Activity —
Word for word, retype the lines from the one containing "План квартиры-студии" to the one containing "Steel Hardware, Adjustable" below, keeping both end lines and dropping the pictures.

Excerpted records —
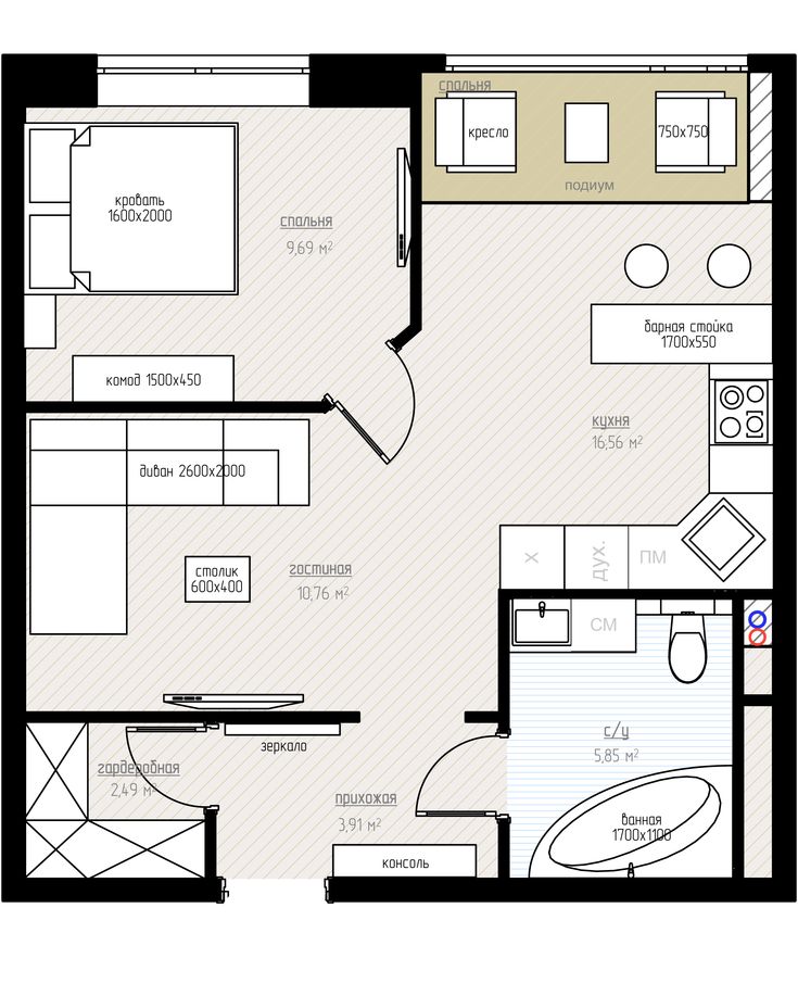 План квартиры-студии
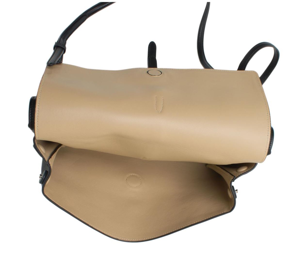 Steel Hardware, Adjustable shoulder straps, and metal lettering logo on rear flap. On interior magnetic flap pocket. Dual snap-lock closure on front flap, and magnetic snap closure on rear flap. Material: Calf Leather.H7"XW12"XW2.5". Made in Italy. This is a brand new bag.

--

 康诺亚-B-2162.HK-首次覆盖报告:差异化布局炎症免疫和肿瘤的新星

Solution for this problem —
 План квартиры-студии
 Steel Hardware, Adjustable shoulder straps, and metal lettering logo on rear flap. On interior magnetic flap pocket. Dual snap-lock closure on front flap, and magnetic snap closure on rear flap. Material: Calf Leather.H7"XW12"XW2.5". Made in Italy. This is a brand new bag.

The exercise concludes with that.